▶ [What you need to do]:
At the line that holds "chat unlocks automatically.", start repeating, and keep going exactly through the final line of the material; include both ends and skip the pictures.

▶ [Information shown]:

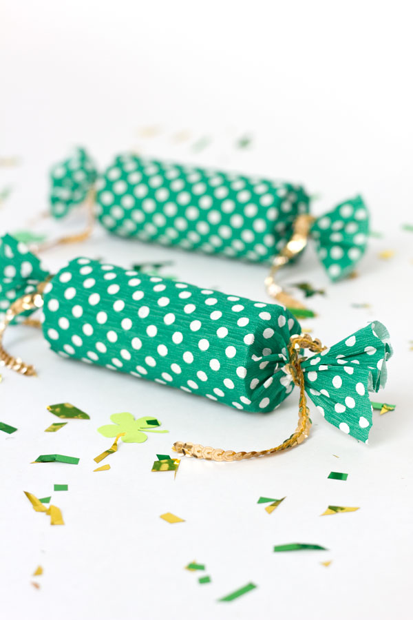 Turn cardboard tubes and tissue paper into fun poppers filled with gold and green confetti.
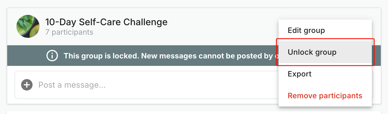 ✅ You can unlock a group chat independently of the program's archived status — allowing continued community conversation even after formal program completion. If you unarchive the program, the chat unlocks automatically.
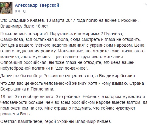 Дагот Опубліковано: 16 березня 2017 Опубліковано: 16 березня 2017 Російський блогер Олександр Тверськой на прикладі героїчно загиблого бійця АТО Володимира Князєва показав, що, коли в РФ скаржаться на Україну, яка "недостатньо розуміє" "братський народ", нехай краще подивляться в очі молодих загиблих українських захисників, їх матерів, дружин і дітей. На своїй сторінці в Facebook блогер виклав фото Князєва, якому виповнилося 18 років і який загинув на Донбасі 13 березня

▶ [Output for this exercise]:
 ✅ You can unlock a group chat independently of the program's archived status — allowing continued community conversation even after formal program completion. If you unarchive the program, the chat unlocks automatically.
 Дагот Опубліковано: 16 березня 2017 Опубліковано: 16 березня 2017 Російський блогер Олександр Тверськой на прикладі героїчно загиблого бійця АТО Володимира Князєва показав, що, коли в РФ скаржаться на Україну, яка "недостатньо розуміє" "братський народ", нехай краще подивляться в очі молодих загиблих українських захисників, їх матерів, дружин і дітей. На своїй сторінці в Facebook блогер виклав фото Князєва, якому виповнилося 18 років і який загинув на Донбасі 13 березня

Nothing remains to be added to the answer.